Rhonda Lashley Lopez
Rhonda's work has been shown in her book, "Don't Make Me Go to Town: Ranch Women of the Texas Hill Country," as well as in Photography 414 in Texas.
From her native Louisiana to the American West, From Nepal to Peru to Portugal and points in between, Rhonda Lashley Lopez has been an observer, recording her vision of nature and manmade landscapes and often focusing on the small or hidden details. Rhonda earned her MA in journalism/photojournalism from the University of Texas in Austin and worked as a photographer, writer and editor for newspapers, magazines and other entities. At UT, Rhonda studied with J.B. Colson, Maggie Steber and photo historian Larry Schaaf, and she went on to teach at Schreiner University and Austin Community College.
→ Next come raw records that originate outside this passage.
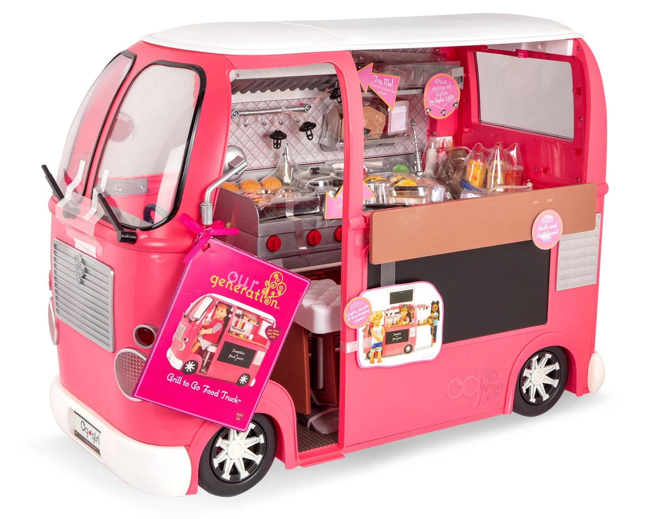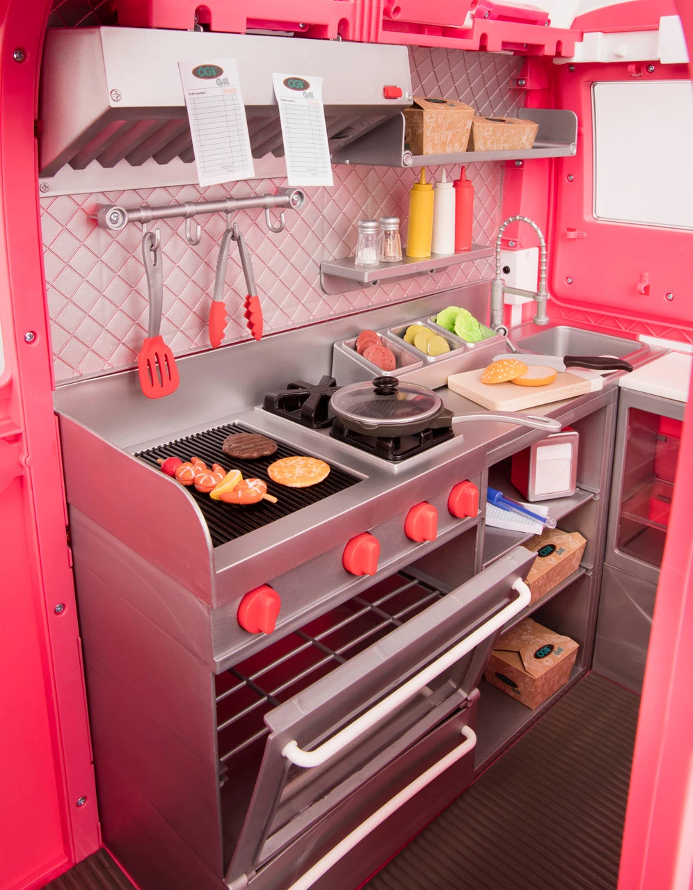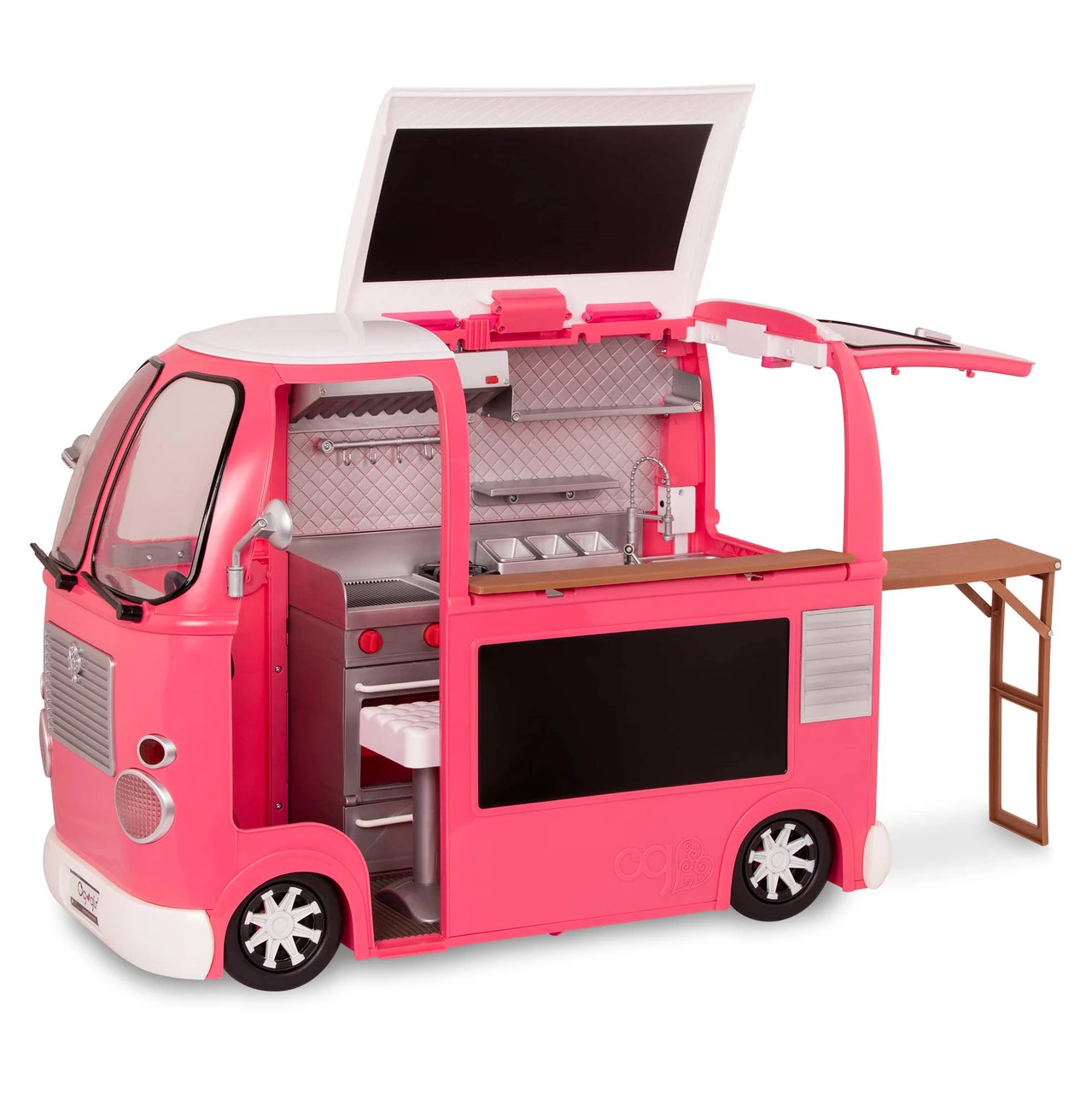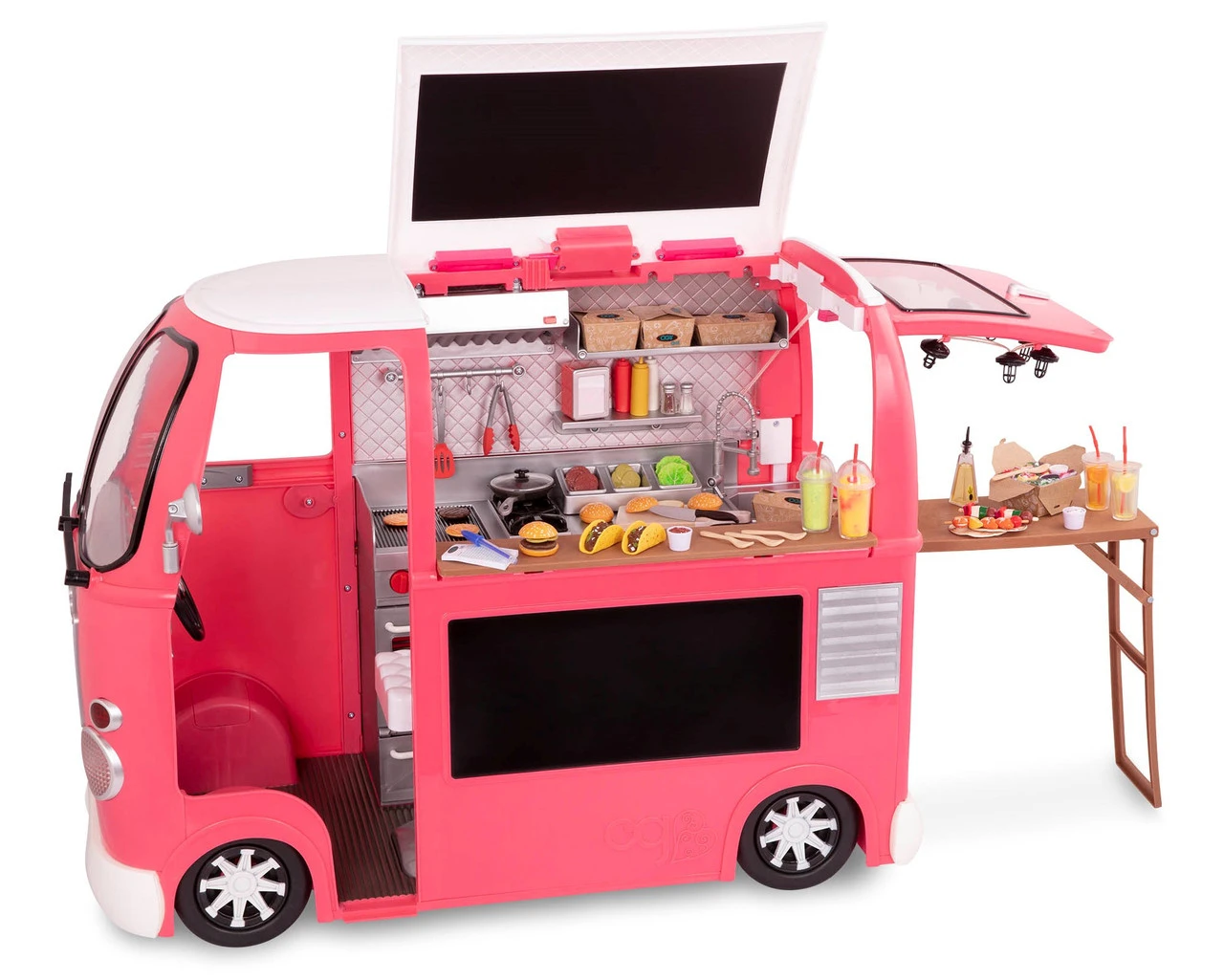 Fun is on the menu with the Our Generation Deluxe Food Truck accessory set for 18-inch dolls! Serve up delicious snacks on the go – with a side of smiles!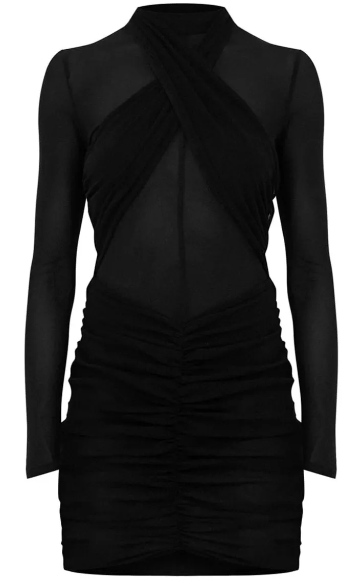 Everyone needs a little black dress in their wardrobe and this black mesh bodysuit cross front ruched bodycon dress is sure to tick all the boxes. It features a black mesh material with a cross front design and ruched detailing, you won’t be able to resist this bodycon dress. Pair it with your highest heels and simple accessories for a look everyone will remember.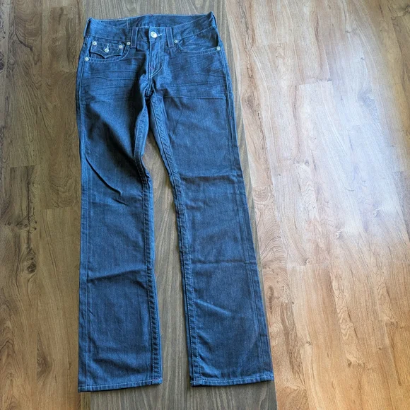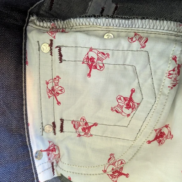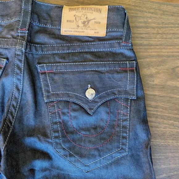 True Religion Men’s Size 30 dark wash straight leg flap pocket jeans BZ Inglorious jeans. Includes large large T detailing with red stitching. This pair is in immaculate condition and have rarely been worn. Patch shows minimal wear and no damage. 100% cotton and machine washable. Measures 16" at waistband, 13" rise from back, 10" rise from front, 33" inseam.Please note that sizing is approximate and colors may vary slightly due to lighting and camera quality. Feel free to ask questions as item is non-returnable.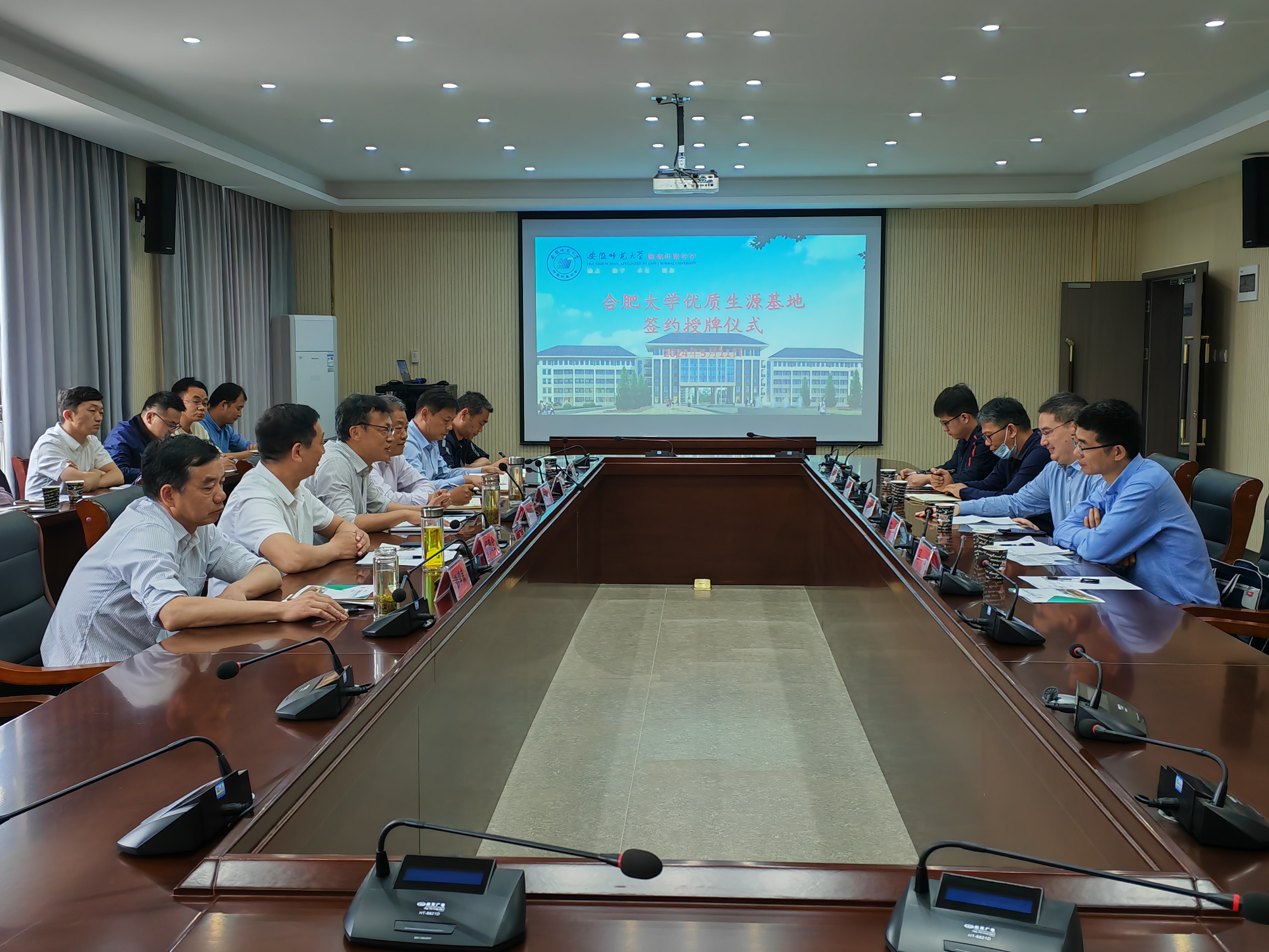 在安師大附屬葉集中學,阮班鋒就我院在人才培養、教學科研、科技創新、專業設置等方面的特點與優勢進行了詳細介紹,希望通過共建優質生源基地的方式,進一步加強兩校之間的交流與合作。安師大附屬葉集中學校長章志學表示,合肥大學授予安師大附屬葉集中學“優質生源基地”稱號,不僅是對學校辦學成果和人才培養的充分認可,更為兩校今后深入開展交流與合作奠定了堅實的基礎。座談會后,雙方簽署《合肥大學優質生源基地共建協議書》,并舉行了合肥大學和安師大附屬葉集中學“優質生源基地”授牌儀式。

Rhonda traveled to New York in 2009 to learn platinum/palladium printing on traditional papers as well as on vellum over gold leaf from Dan Burkholder. While studying photo history, she learned to love the luminous look of platinum and platinum/palladium photographs. The process was patented in 1873, and some of Rhonda’s favorite photographers printed in platinum: Edward S. Curtis, Alfred Stieglitz, Imogen Cunningham, Laura Gilpin.
She fell in love with the process, which involves making negatives, mixing the platinum and palladium with other chemicals in the darkroom, brushing them on the paper, then exposing the paper and negative under a UV light and then "developing" and clearing the paper in various baths. After the prints dry, the gold leaf is applied to the back so that the gold shimmers through the light parts of the photograph. Every print is handmade, unique, and truly a labor of love.
Rhonda currently prints images she shot with both film and digital cameras, edits all the images in Photoshop, and then prints the large negatives for contact printing. Rhonda enjoys combining images with words so much that she writes about every photograph she makes.
Artist's Statement
"I currently shoot with Nikon D3s, an Olympus OM-D E-M1 and an iPhone. I have never felt photography is about the equipment, but about the heart and mind of the photographer and a willingness to slow down and really look at the world."